- Opening Delimiter -
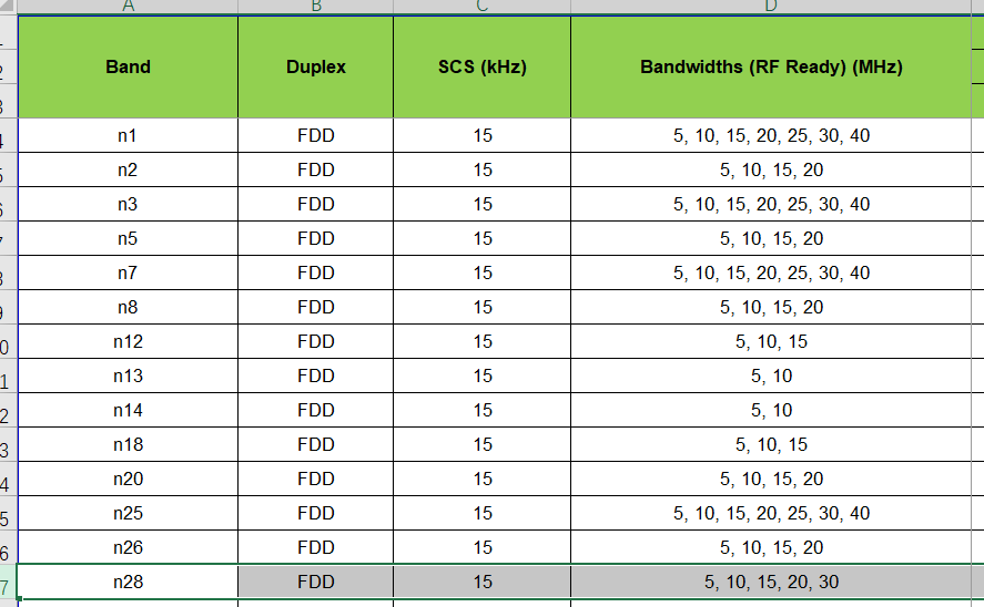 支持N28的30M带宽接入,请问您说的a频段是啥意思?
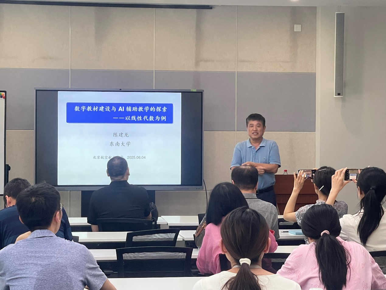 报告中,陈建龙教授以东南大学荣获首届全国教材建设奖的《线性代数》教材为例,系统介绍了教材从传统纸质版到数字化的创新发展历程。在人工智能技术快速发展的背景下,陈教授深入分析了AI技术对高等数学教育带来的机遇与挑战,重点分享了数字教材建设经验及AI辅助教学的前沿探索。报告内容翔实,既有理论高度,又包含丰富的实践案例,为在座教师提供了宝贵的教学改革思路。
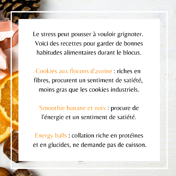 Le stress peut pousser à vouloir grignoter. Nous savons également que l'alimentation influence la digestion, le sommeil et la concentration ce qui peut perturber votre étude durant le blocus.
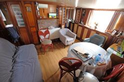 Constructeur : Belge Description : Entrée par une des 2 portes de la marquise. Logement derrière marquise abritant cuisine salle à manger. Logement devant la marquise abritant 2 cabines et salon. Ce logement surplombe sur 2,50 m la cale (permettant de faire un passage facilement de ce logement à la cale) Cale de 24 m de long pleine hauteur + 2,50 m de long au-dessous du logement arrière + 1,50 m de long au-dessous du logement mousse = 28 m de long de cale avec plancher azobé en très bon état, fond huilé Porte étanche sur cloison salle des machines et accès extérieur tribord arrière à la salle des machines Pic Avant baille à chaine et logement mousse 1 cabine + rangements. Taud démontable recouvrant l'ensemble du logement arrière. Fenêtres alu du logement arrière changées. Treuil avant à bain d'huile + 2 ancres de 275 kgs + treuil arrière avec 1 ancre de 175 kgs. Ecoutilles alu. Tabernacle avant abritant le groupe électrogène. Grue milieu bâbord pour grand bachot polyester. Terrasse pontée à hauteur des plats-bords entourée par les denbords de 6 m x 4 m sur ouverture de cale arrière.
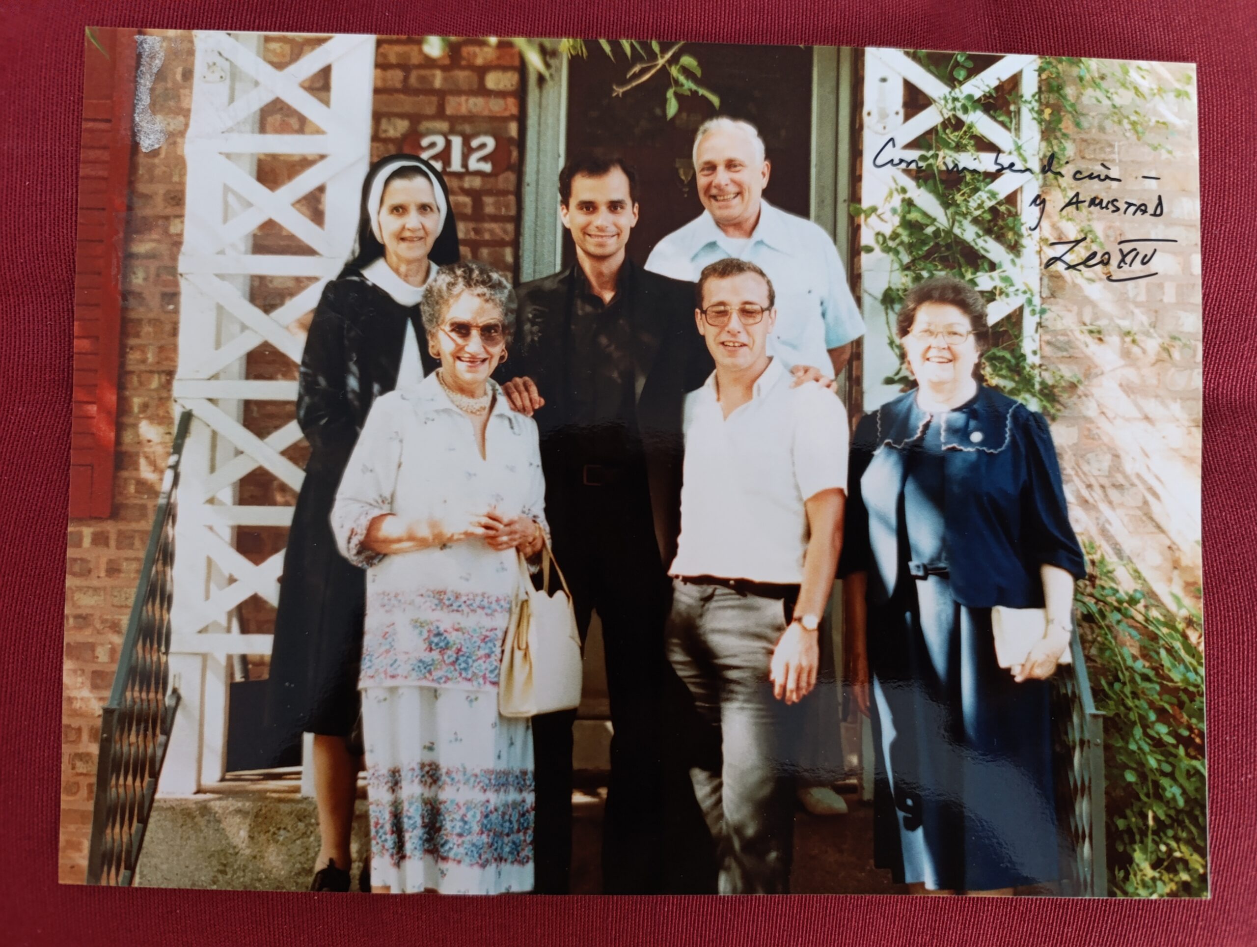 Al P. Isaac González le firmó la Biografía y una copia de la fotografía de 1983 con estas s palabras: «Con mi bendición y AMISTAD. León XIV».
- Closing Delimiter -
The records above are to be transcribed in full, with images omitted.

#### Solution to this problem:
 支持N28的30M带宽接入,请问您说的a频段是啥意思?
 报告中,陈建龙教授以东南大学荣获首届全国教材建设奖的《线性代数》教材为例,系统介绍了教材从传统纸质版到数字化的创新发展历程。在人工智能技术快速发展的背景下,陈教授深入分析了AI技术对高等数学教育带来的机遇与挑战,重点分享了数字教材建设经验及AI辅助教学的前沿探索。报告内容翔实,既有理论高度,又包含丰富的实践案例,为在座教师提供了宝贵的教学改革思路。
 Le stress peut pousser à vouloir grignoter. Nous savons également que l'alimentation influence la digestion, le sommeil et la concentration ce qui peut perturber votre étude durant le blocus.
 Constructeur : Belge Description : Entrée par une des 2 portes de la marquise. Logement derrière marquise abritant cuisine salle à manger. Logement devant la marquise abritant 2 cabines et salon. Ce logement surplombe sur 2,50 m la cale (permettant de faire un passage facilement de ce logement à la cale) Cale de 24 m de long pleine hauteur + 2,50 m de long au-dessous du logement arrière + 1,50 m de long au-dessous du logement mousse = 28 m de long de cale avec plancher azobé en très bon état, fond huilé Porte étanche sur cloison salle des machines et accès extérieur tribord arrière à la salle des machines Pic Avant baille à chaine et logement mousse 1 cabine + rangements. Taud démontable recouvrant l'ensemble du logement arrière. Fenêtres alu du logement arrière changées. Treuil avant à bain d'huile + 2 ancres de 275 kgs + treuil arrière avec 1 ancre de 175 kgs. Ecoutilles alu. Tabernacle avant abritant le groupe électrogène. Grue milieu bâbord pour grand bachot polyester. Terrasse pontée à hauteur des plats-bords entourée par les denbords de 6 m x 4 m sur ouverture de cale arrière.
 Al P. Isaac González le firmó la Biografía y una copia de la fotografía de 1983 con estas s palabras: «Con mi bendición y AMISTAD. León XIV».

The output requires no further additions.